Let X be uniform on [0,1/2] . Find the PDF fY(y) of Y=X/(1−X) .
For 0≤y≤1
To find the PDF (probability density function) of Y, we need to determine the distribution of Y and derive its density function.
First, let's determine the cumulative distribution function (CDF) of Y.
The CDF of Y, denoted as FY(y), is defined as the probability that Y is less than or equal to y. Mathematically, it can be represented as:
FY(y) = P(Y ≤ y)
Since Y = X/(1-X), we can substitute this expression into the CDF:
FY(y) = P(X/(1-X) ≤ y)
To solve this inequality, we first need to make sure that 0 ≤ y ≤ 1, as given in the problem.

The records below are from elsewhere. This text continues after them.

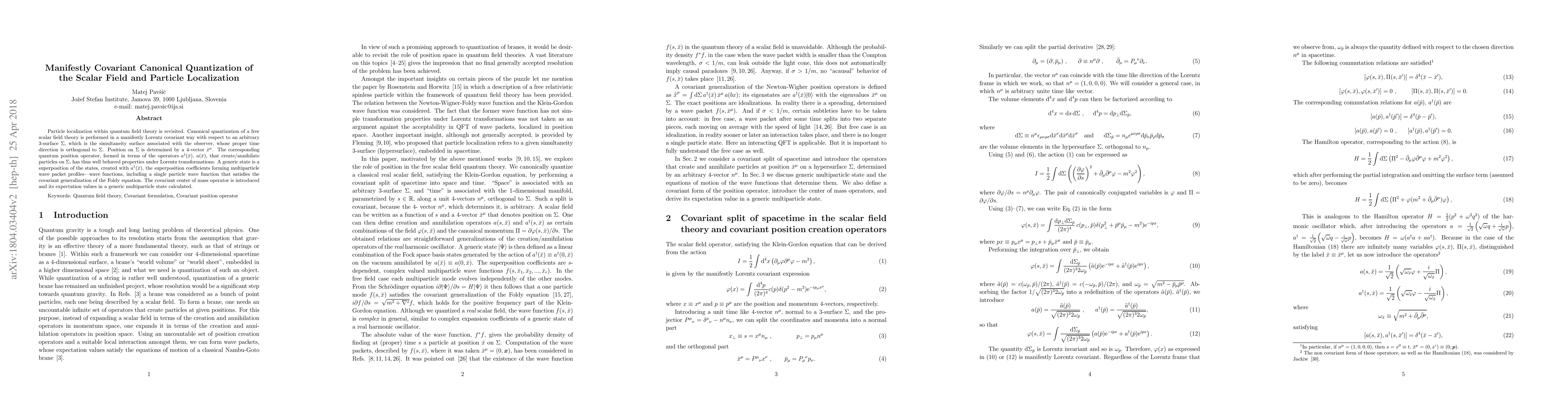 Particle localization within quantum field theory is revisited. Canonical quantization of a free scalar field theory is performed in a manifestly Lorentz covariant way with respect to an arbitrary 3-surface $\Sigma$, which is the simultaneity surface associated with the observer, whose proper time direction is orthogonal to $\Sigma$. Position on $\Sigma$ is determined by a 4-vector ${\bar x}^\mu$. The corresponding quantum position operator, formed in terms of the operators $a^\dagger ({\bar x})$, $a({\bar x})$, that create/annihilate particles on $\Sigma$, has thus well behaved properties under Lorentz transformations. A generic state is a superposition of the states, created with $a^\dagger ({\bar x})$, the superposition coefficients forming multiparticle wave packet profiles---wave functions, including a single particle wave function that satisfies the covariant generalization of the Foldy equation. The covariant center of mass operator is introduced and its expectation values in a generic multiparticle state calculated.
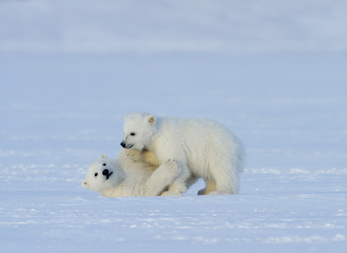 [Two white polar bear cubs play in the snow - one lies on its back while the other leans over it.]
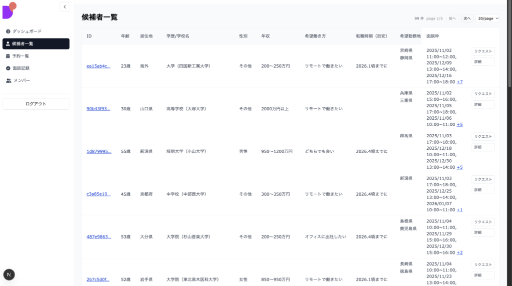 専用のCRM(顧客関係管理)プラットフォームにより、候補者情報の一元管理や面談オファーも効率的に行えるため、採用担当者の負担が劇的に軽減されます。
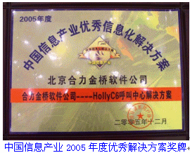 2006年1月10日,北京。中國(guó)計(jì)算機(jī)用戶(hù)協(xié)會(huì)"2005年度企業(yè)及產(chǎn)品頒獎(jiǎng)典禮"在世紀(jì)金源大飯店隆重召開(kāi)。在Call Center(呼叫中心)及CRM(客戶(hù)關(guān)系管理)領(lǐng)域位居業(yè)界領(lǐng)先地位的HOLLYCRM(合力金橋軟件)公司自主知識(shí)產(chǎn)權(quán)的HollyC6呼叫中心解決方案再度成為業(yè)界關(guān)注焦點(diǎn),榮獲"中國(guó)信息產(chǎn)業(yè)2005年度優(yōu)秀解決方案"大獎(jiǎng)。
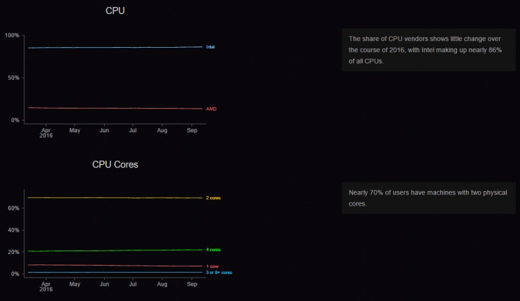 Наиболее часто встречающееся число ядер CPU — два: таких решений аналитики Mozilla насчитали почти 70 %. Самые распространённые частоты чипов — от 2,3 до 2,69 ГГц, на них работает почти четвёртая часть всех процессоров, попавших в исследование.
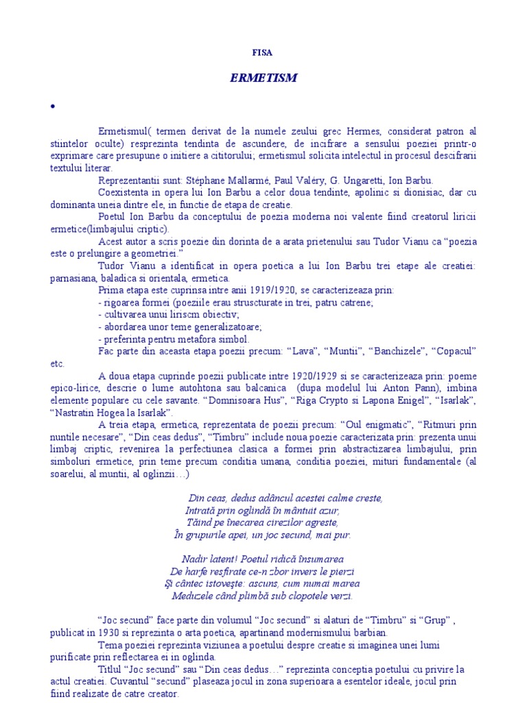 Joc Secund Ion Barbu Romanian Language And Literature Studocu
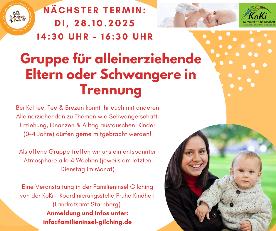 Ca. alle 6-8 Wochen treffen sich im Familiencafé Alleinerziehende mit ihren Babys/Kleinkindern, um sich auszutauschen und neue Kontakte zu knüpfen. Alle Themen rund um den Alltag mit Babys und Kleinkindern finden hier Platz. Dieser Treff ist eine Veranstaltung von KoKi-Netzwerk Frühe Kindheit. Termine, Infos und Anmeldung:
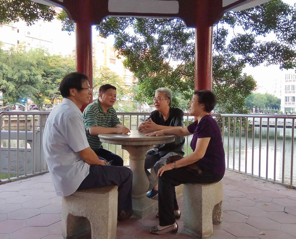 李然向林继中等几位学者介绍了电大校园文化建设的设想和初步成效,希望通过对校园的修缮,能更好地保护丹霞书院旧址,营造师生共同的精神家园。林继中一行在半月池边修葺一新的凉亭座谈。凉亭前的木匾分别题为“丹霞流芳”与“得月逢春”,为中国书法家评审委员会委员、福建省书法家协会副主席李木教书丹,著名篆刻家李叔豪刻制。“丹霞流芳”,意在传承漳州丹霞书院的文脉,弘扬霞漳正学。“得月逢春”取义古代名联“近水楼台先得月,向阳花木早逢春”,当年丹霞书院的半月楼也曾有匾题“近水先得”。
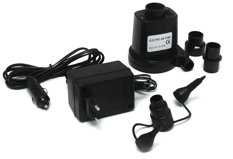 Výkonná elektrická vzduchová pumpa s 12 voltovou zástrčkou pro auto a transformátorem 230 V pro domácí zásuvku. Se 3 univerzálními konektory pro různé lůžka, křesla nebo matrace.

Rearranging the inequality, we have:
X/(1-X) ≤ y
Simplifying, we get:
X ≤ y(1-X)
Expanding, we have:
X ≤ y - yX
Rearranging terms, we get:
X + yX ≤ y
Factoring out X, we have:
X(1+y) ≤ y
Now, we have two cases to consider:
Case 1: If 1 + y > 0, which means y > -1, then we can divide both sides of the inequality by (1+y) without changing the sign:
X ≤ y / (1+y)
Case 2: If 1 + y < 0, which means y < -1, then dividing by (1+y) would change the sign of the inequality:
X ≥ y / (1+y)
Now, let's consider these cases separately:
Case 1:
If y > -1, then the inequality X ≤ y / (1+y) represents the valid range for X. However, in our given problem, X is uniformly distributed in the range [0, 1/2]. Therefore, the valid range for X in this case is 0 ≤ X ≤ y / (1+y).
Case 2:
If y < -1, then the inequality X ≥ y / (1+y) represents the valid range for X. In our problem, X is uniformly distributed in the range [0, 1/2]. However, the inequality X ≥ y / (1+y) cannot be satisfied in this range for any y < -1. Therefore, this case does not contribute to the PDF of Y for 0 ≤ y ≤ 1.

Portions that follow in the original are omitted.